**Records to use:**
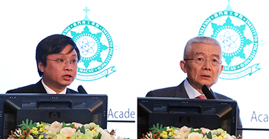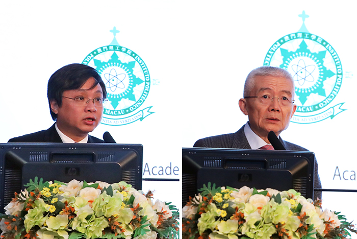 理工學院院長嚴肇基致歡迎辭及全國港澳研究會會長徐澤 (右)致辭並作主旨演講
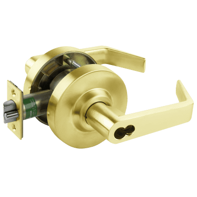 The double cylinder 97 Function ‘Classroom Intruder’ function uses a key to lock and unlock the door from the outside for opening or closing the classroom. In an emergency situation, it allows the teacher to use their key to lock the outside lever from inside the classroom thereby preventing unauthorized entry. Because it requires a key, it prevents the students from accidentally locking the teacher out of the classroom. The inside lever is always free for emergency egress.
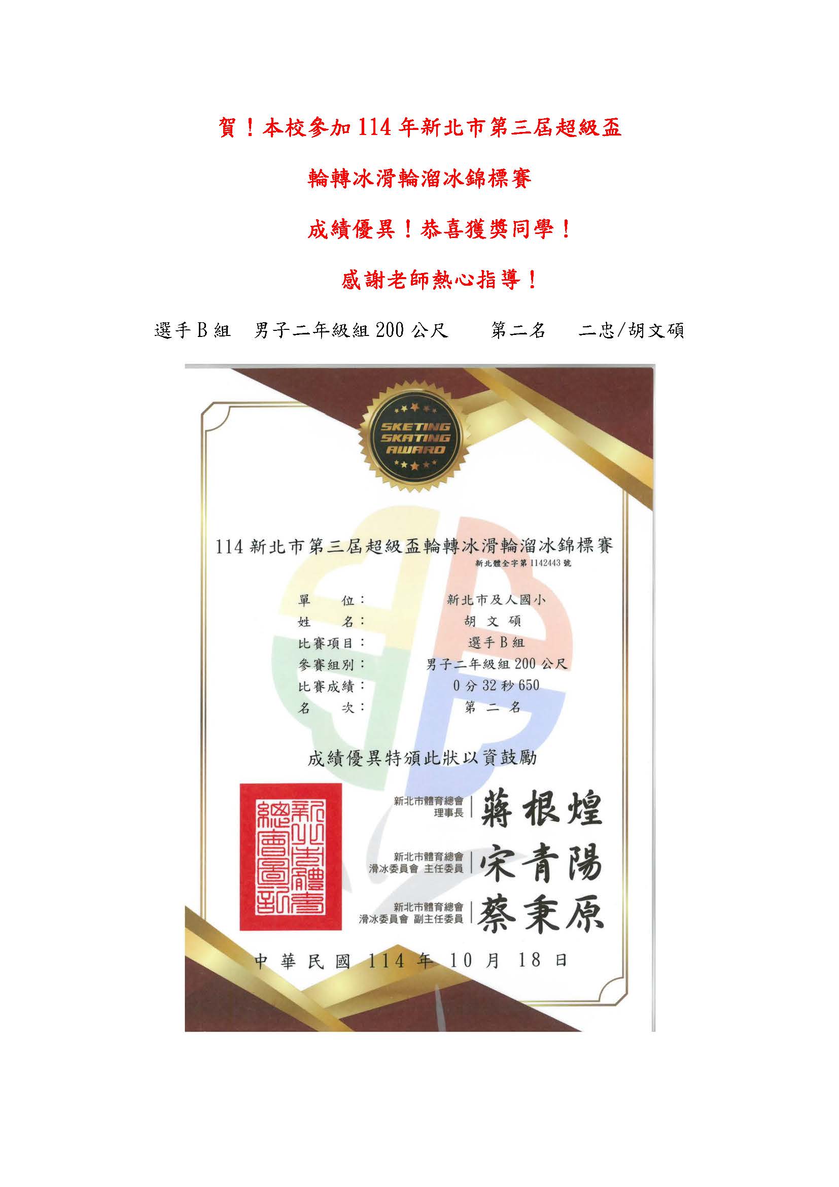 2025 10/22 賀 本校參加114年新北市第三屆超級盃 輪轉冰滑輪溜冰錦標賽 成績優異 恭喜獲獎同學 1141018-114年新北市第三屆超級盃輪轉冰滑輪溜冰錦標賽上網.jpg 179.21 KB 返回
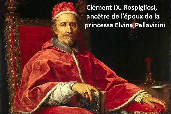 - Giulio Rospigliosi, (né à Pistoia le 27 ou 28 janvier 1600 – mort le 9 décembre 1669), pape Clément IX (en latin Clemens IX, en italien Clemente IX) du 20 juin 1667 au 9 décembre 1669. Élu le 26 juin 1667, il fut le médiateur dans les guerres de succession entre la France, l’Espagne, l’Angleterre et la Hollande par la paix d’Aix-la-Chapelle dite « Clémentine »[↩]
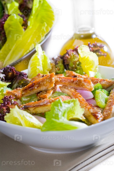 Яркий свежий куриный салат сезам крупным планом
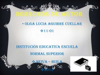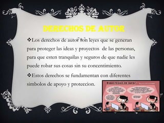 Los derechos de autor son leyes que protegen las ideas y proyectos personales, garantizando que nadie pueda utilizarlos sin consentimiento. Estos derechos incluyen diferentes símbolos que indican el nivel de protección y uso permitido, incluyendo usos educativos y condiciones para hacer copias. El documento también aborda el plagio y las excepciones a los derechos de autor, incluyendo derechos morales y patrimoniales.
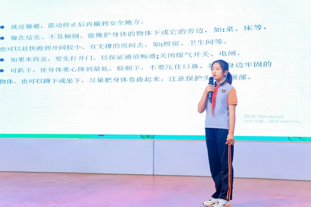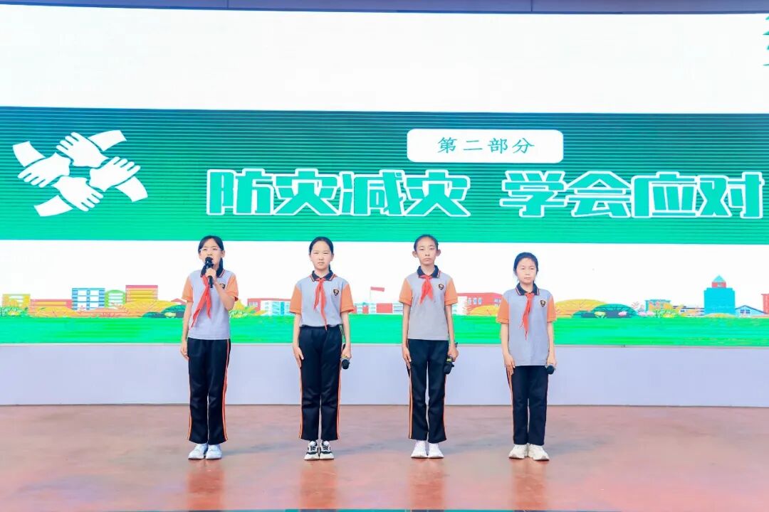 升旗仪式上,少先队员代表以《防灾减灾 你我同行》为主题进行国旗下讲话。他们结合《可怕的自然灾害,你了解多少》的科普视频,详细介绍了地震、火灾、洪水等常见自然灾害的特点与危害,并针对不同灾害类型,分享了科学实用的应对措施。他们呼吁全体同学:“灾难虽无情,但科学的预防和应对能力会为我们筑起生命的屏障。让我们积极学习防灾知识,提高自救互救能力!”
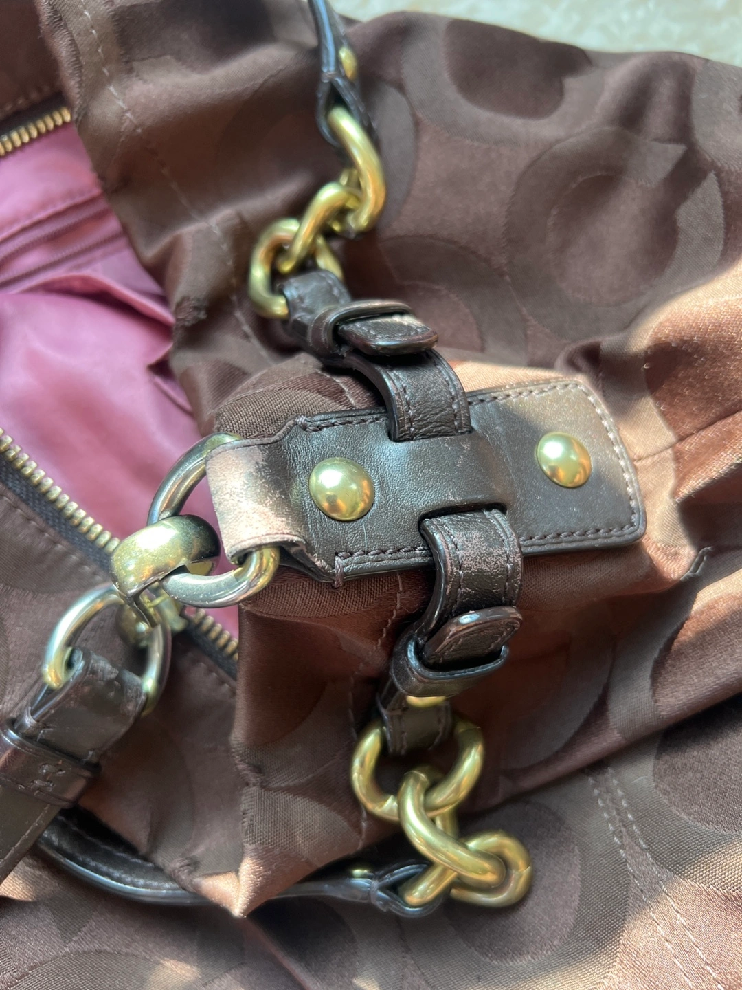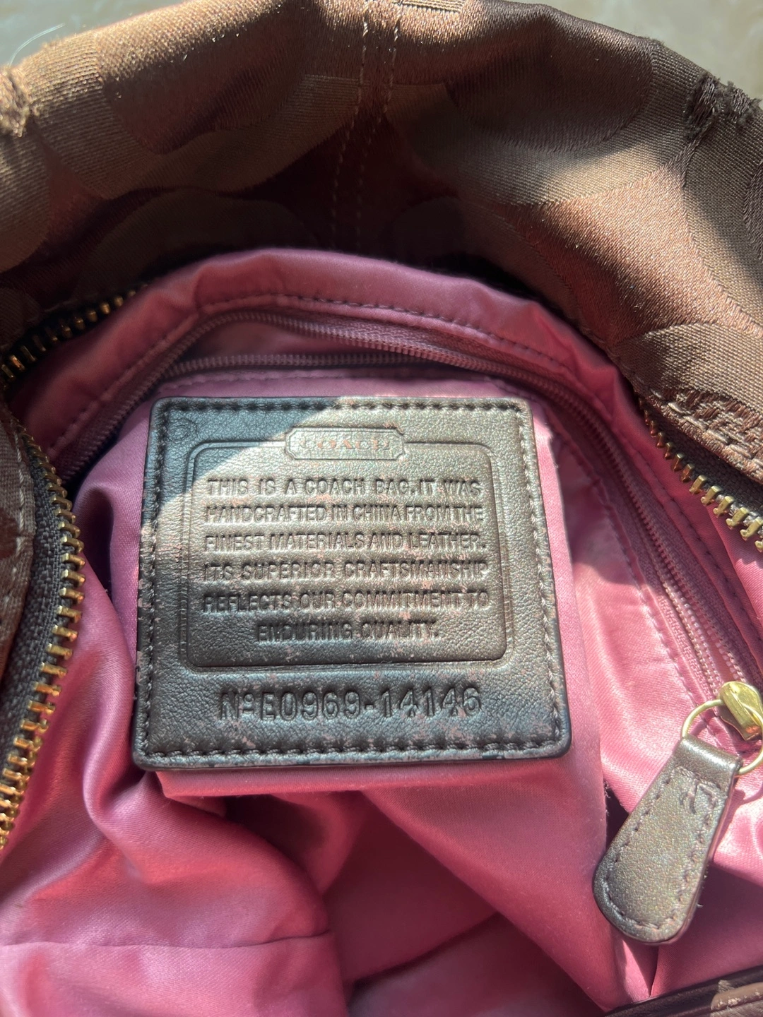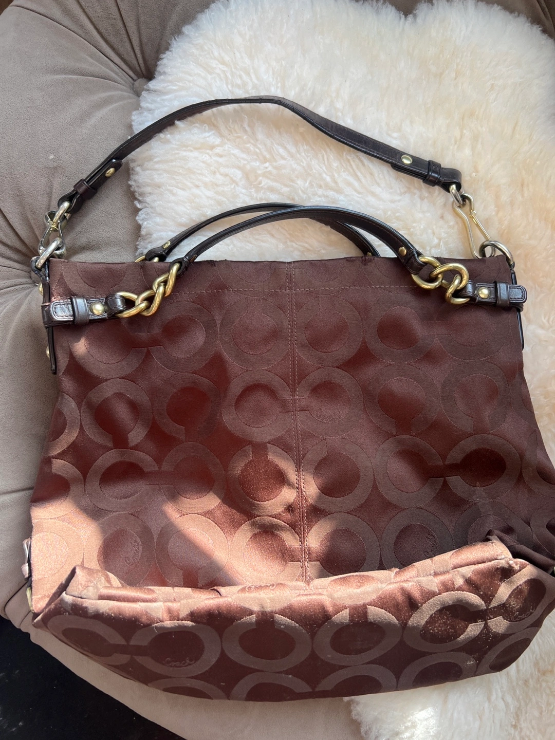 Brown Coach tote bag. Features signature C pattern. Gold-tone hardware. Shoulder strap and top handles. Interior zipper pocket and slip pockets. Zipper closure. Well used but in great condition. Some wear and tear on leather hardware as shown in picture.
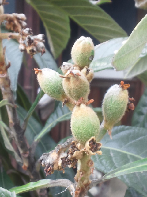 冬に花を咲かせていた枇杷も膨らみ始めてます。
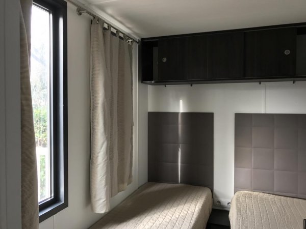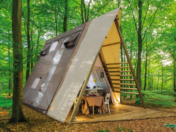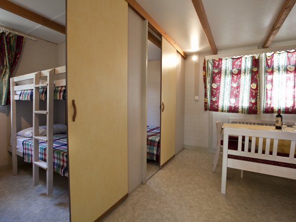 TENDA WOODY 5 posti, tenda trilocale, camera matrimoniale, cameretta con letto a castello e letto singolo, bagno con doccia;

**About this task:** Your answer must be the lines from the one holding "Brown Coach tote" through the final line of the records above, exactly as written and without any pictures.

**Answer below:**
 Brown Coach tote bag. Features signature C pattern. Gold-tone hardware. Shoulder strap and top handles. Interior zipper pocket and slip pockets. Zipper closure. Well used but in great condition. Some wear and tear on leather hardware as shown in picture.
 冬に花を咲かせていた枇杷も膨らみ始めてます。
 TENDA WOODY 5 posti, tenda trilocale, camera matrimoniale, cameretta con letto a castello e letto singolo, bagno con doccia;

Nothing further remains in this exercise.